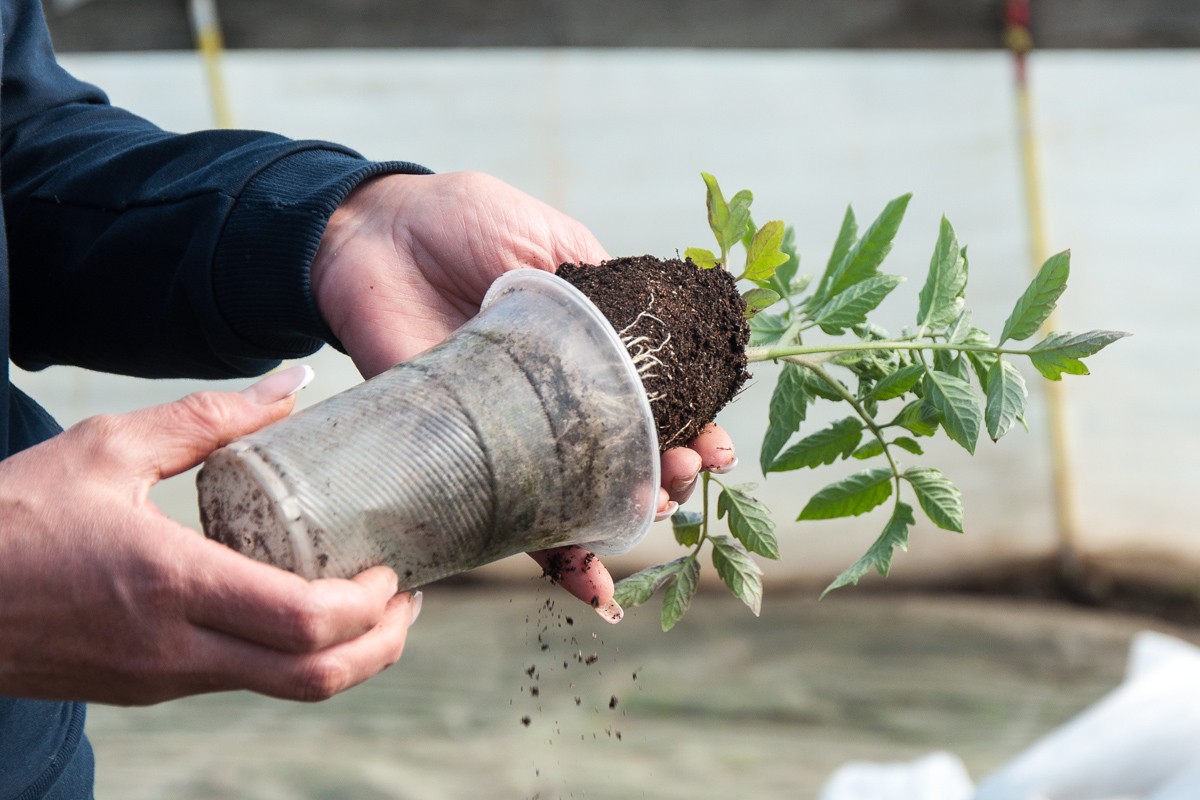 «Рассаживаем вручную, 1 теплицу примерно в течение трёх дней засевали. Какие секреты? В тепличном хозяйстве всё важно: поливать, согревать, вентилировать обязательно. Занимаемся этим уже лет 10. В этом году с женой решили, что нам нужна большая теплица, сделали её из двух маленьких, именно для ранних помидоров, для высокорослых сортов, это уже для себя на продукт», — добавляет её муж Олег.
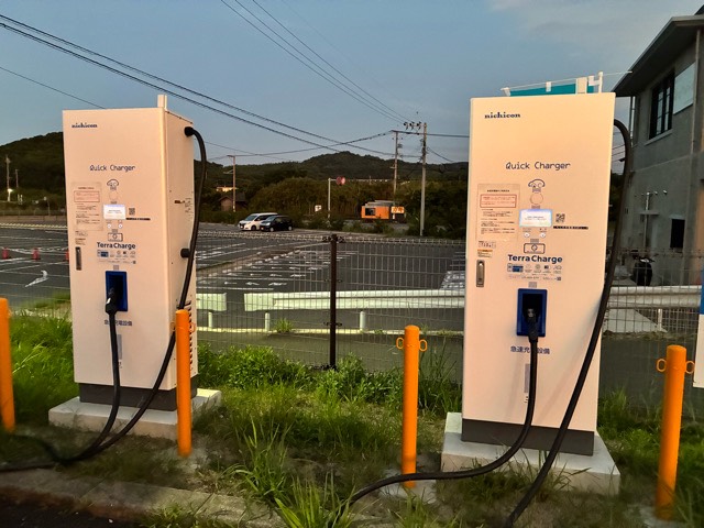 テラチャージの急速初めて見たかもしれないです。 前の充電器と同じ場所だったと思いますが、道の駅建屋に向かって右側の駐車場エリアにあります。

--

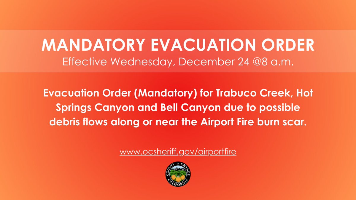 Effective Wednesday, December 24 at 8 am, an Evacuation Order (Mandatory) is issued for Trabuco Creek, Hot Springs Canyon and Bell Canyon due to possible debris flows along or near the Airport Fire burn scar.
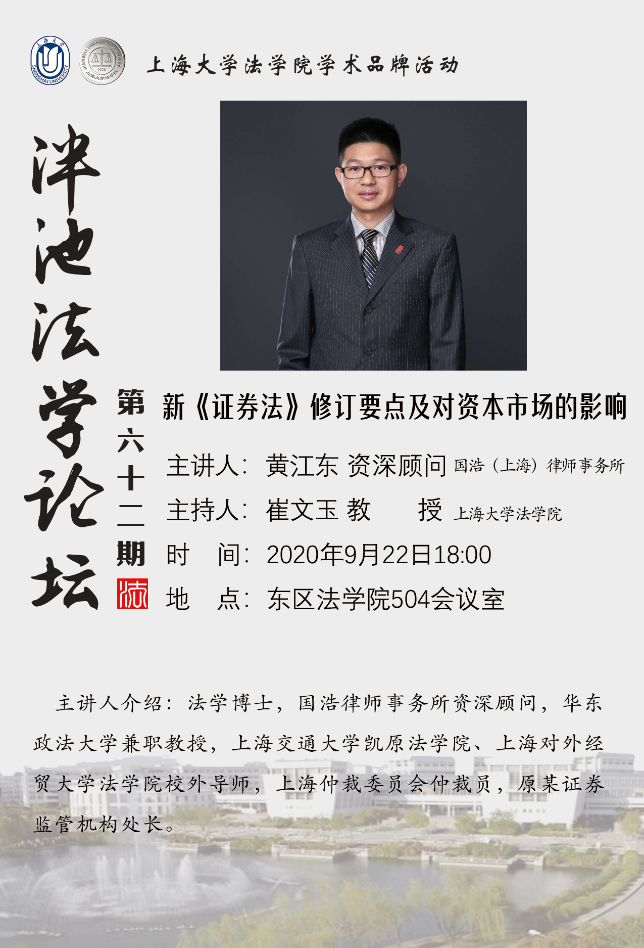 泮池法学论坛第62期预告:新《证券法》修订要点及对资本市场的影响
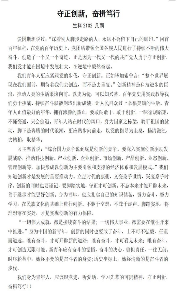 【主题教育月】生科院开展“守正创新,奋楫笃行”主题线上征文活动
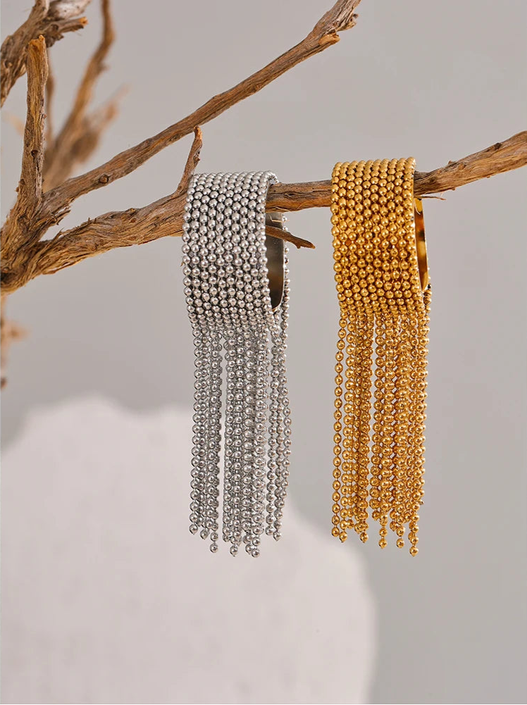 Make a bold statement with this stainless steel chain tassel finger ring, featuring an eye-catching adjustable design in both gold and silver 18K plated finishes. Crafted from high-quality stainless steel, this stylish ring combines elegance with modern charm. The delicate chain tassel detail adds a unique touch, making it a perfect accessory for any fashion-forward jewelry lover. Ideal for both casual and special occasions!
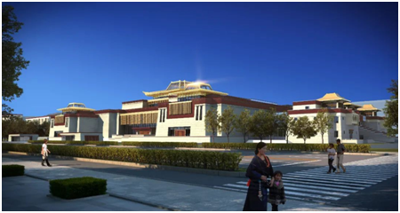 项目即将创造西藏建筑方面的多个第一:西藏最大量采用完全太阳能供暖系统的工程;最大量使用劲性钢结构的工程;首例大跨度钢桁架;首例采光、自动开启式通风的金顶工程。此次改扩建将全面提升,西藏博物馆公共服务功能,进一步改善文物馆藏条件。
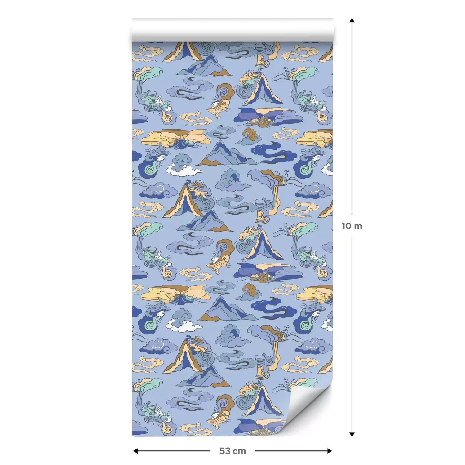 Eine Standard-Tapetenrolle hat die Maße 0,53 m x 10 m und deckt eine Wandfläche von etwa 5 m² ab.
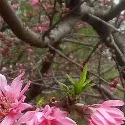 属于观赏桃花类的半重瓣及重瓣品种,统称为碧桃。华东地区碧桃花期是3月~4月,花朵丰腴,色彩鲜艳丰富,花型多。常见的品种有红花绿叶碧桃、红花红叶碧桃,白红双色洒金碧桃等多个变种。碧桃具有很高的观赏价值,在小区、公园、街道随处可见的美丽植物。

WORK TO COMPLETE.
Above are the records. Copy word for word only their lines from the one holding "泮池法学论坛第62期预告:新《证券法》修订要点及对资本市场的影响" through the one holding "项目即将创造西藏建筑方面的多", both included, and skip the images.

COMPLETED EXERCISE.
 泮池法学论坛第62期预告:新《证券法》修订要点及对资本市场的影响
 【主题教育月】生科院开展“守正创新,奋楫笃行”主题线上征文活动
 Make a bold statement with this stainless steel chain tassel finger ring, featuring an eye-catching adjustable design in both gold and silver 18K plated finishes. Crafted from high-quality stainless steel, this stylish ring combines elegance with modern charm. The delicate chain tassel detail adds a unique touch, making it a perfect accessory for any fashion-forward jewelry lover. Ideal for both casual and special occasions!
 项目即将创造西藏建筑方面的多个第一:西藏最大量采用完全太阳能供暖系统的工程;最大量使用劲性钢结构的工程;首例大跨度钢桁架;首例采光、自动开启式通风的金顶工程。此次改扩建将全面提升,西藏博物馆公共服务功能,进一步改善文物馆藏条件。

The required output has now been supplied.